- Relator(a)
- Ministro Joel Ilan Paciornik
- Órgão julgador
- Quinta Turma
- Data do julgamento
- 26/06/2018
- Data de publicação
- 01/08/2018
STJ – Acórdão, Rel. Ministro Joel Ilan Paciornik, Quinta Turma, j. 26/06/2018, p. 01/08/2018
PENAL E PROCESSO PENAL. AGRAVO REGIMENTAL NO RECURSO EM HABEAS CORPUS. CRIME DE EXTORSÃO, FORMAÇÃO DE QUADRILHA E USURPAÇÃO DE FUNÇÃO PÚBLICA. PRINCÍPIO DA COLEGIALIDADE. NÃO OCORRÊNCIA. CERCEAMENTO DE DEFESA. INEXISTÊNCIA DE ARGUMENTOS HÁBEIS A DESCONSTITUIR O DECISÓRIO IMPUGNADO. NULIDADE. RECEBIMENTO DA DENÚNCIA. AUSÊNCIA DE FUNDAMENTAÇÃO. EXCESSO DE PRAZO DAS INTERCEPTAÇÕES TELEFÔNICAS. NÃO OCORRÊNCIA. AGRAVO DESPROVIDO. 1. Não obstante os esforços do agravante, a decisão deve ser mantida por seus próprios fundamentos. 2. Os arts. 932 do Código de Processo Civil - CPC c/c o 3º do CPP e 34, XI e XX, do Regimento Interno do Superior Tribunal de Justiça - RISTJ, permitem ao relator negar seguimento a recurso manifestamente inadmissível, improcedente, prejudicado ou em confronto com súmula ou com jurisprudência dominante nos Tribunais superiores, não importando em cerceamento de defesa ou violação ao princípio da colegialidade. Precedentes. 3. A decisão que recebe a denúncia possui natureza interlocutória e emite juízo de mera prelibação. Cuida-se de ato que dispensa maior fundamentação, não se subsumindo à norma insculpida no art. 93, inciso IX, da Constituição da República, até mesmo para evitar julgamento antecipado de mérito causa, o qual deverá ser proferido após encerrada a instrução criminal, quando observadas as regras processuais e garantido devido processo legal.
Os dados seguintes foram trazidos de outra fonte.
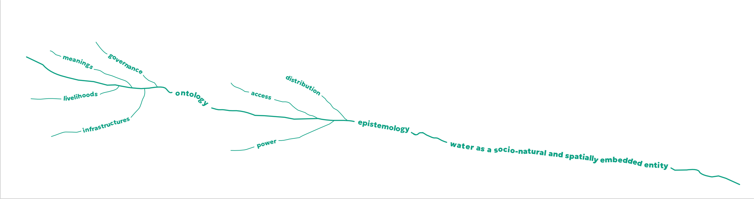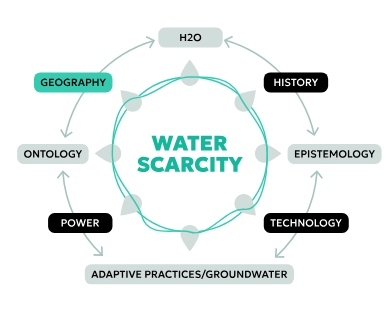 The epistemology of water asks how we know water, and these ways of knowing also shape the understandings of “scarcity”. When scarcity is defined primarily by volumetric measures (e.g., cubic meters per capita), it privileges technocratic logics and can obscure questions of access, power, and distribution. The ontology of water asks what water is: merely H₂O moving through a hydrologic cycle, or a relational entity embedded in infrastructures, water governance, livelihoods, and meanings it produces. Understanding water as a standardised mobile resource presents scarcity as a natural shortfall that new storage, transfers, or efficiency technologies can address.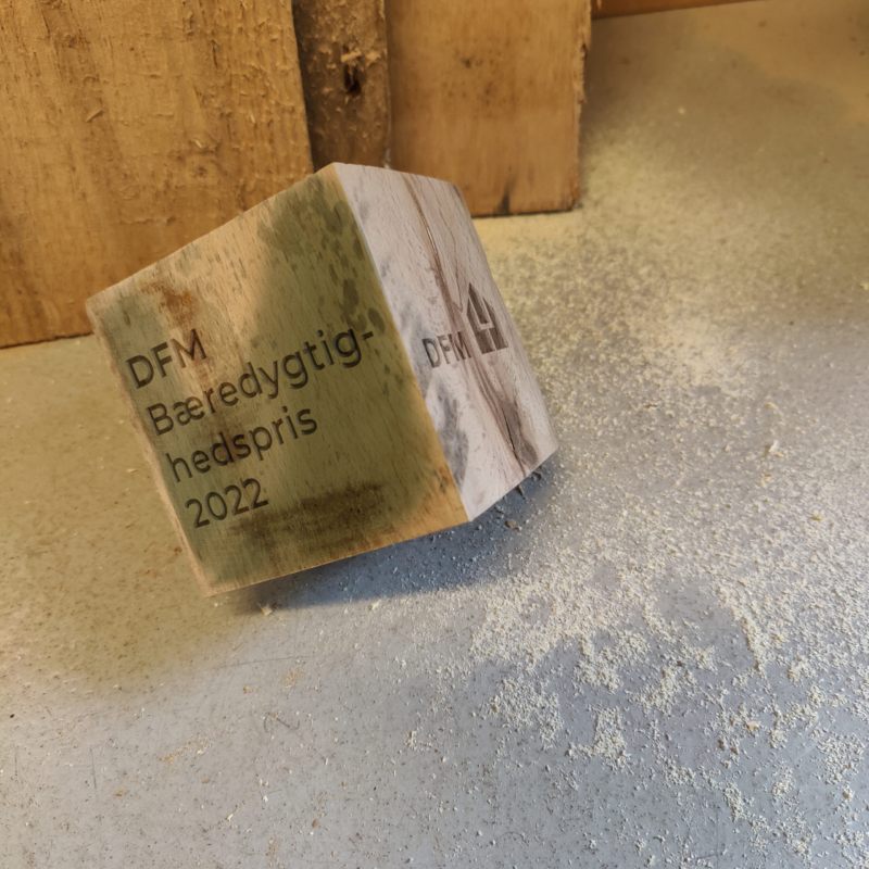“Den lænende” er et unikt trofæ med autentisk karakter. Lavet af genbrugstræ i form af gamle bøgestave, hver træblok bærer historien om sit tidligere liv, hvor den er blevet brugt i forbindelse med fragt at stålprofiler, hvilket betyder der vil kunne forekomme brugstegn i træet i form af buler og variation i træet farve.

Precedentes. 4. Na hipótese, justificada a imprescindibilidade das sucessivas interceptações telefônicas para o esclarecimento do modus operandi e o grau de participação de cada agente na organização criminosa, formada por grupo de policiais civis e militares, para perpetrar crimes de extorsão normalmente contra comerciantes de Volta Redonda e Barra Mansa, Municípios do Estado do Rio de Janeiro. Acresça-se que destacado o específico argumento utilizado pelo Juízo de primeiro grau de que os agentes se utilizam das suas funções para o cometimento de delitos graves, o que torna inviável qualquer outro meio de investigação para obtenção das provas necessárias à elucidação dos fatos; e, sobretudo, ainda, a justificativa de que "tratando-se de policiais civis, alguns dos quais conhecedores das identidades de colegas policiais federais, inviável seque a infiltração de agentes na quadrilha". Agravo regimental desprovido. (AgRg no RHC n. 90.809/RJ, relator Ministro Joel Ilan Paciornik, Quinta Turma, julgado em 26/6/2018, DJe de 1/8/2018.)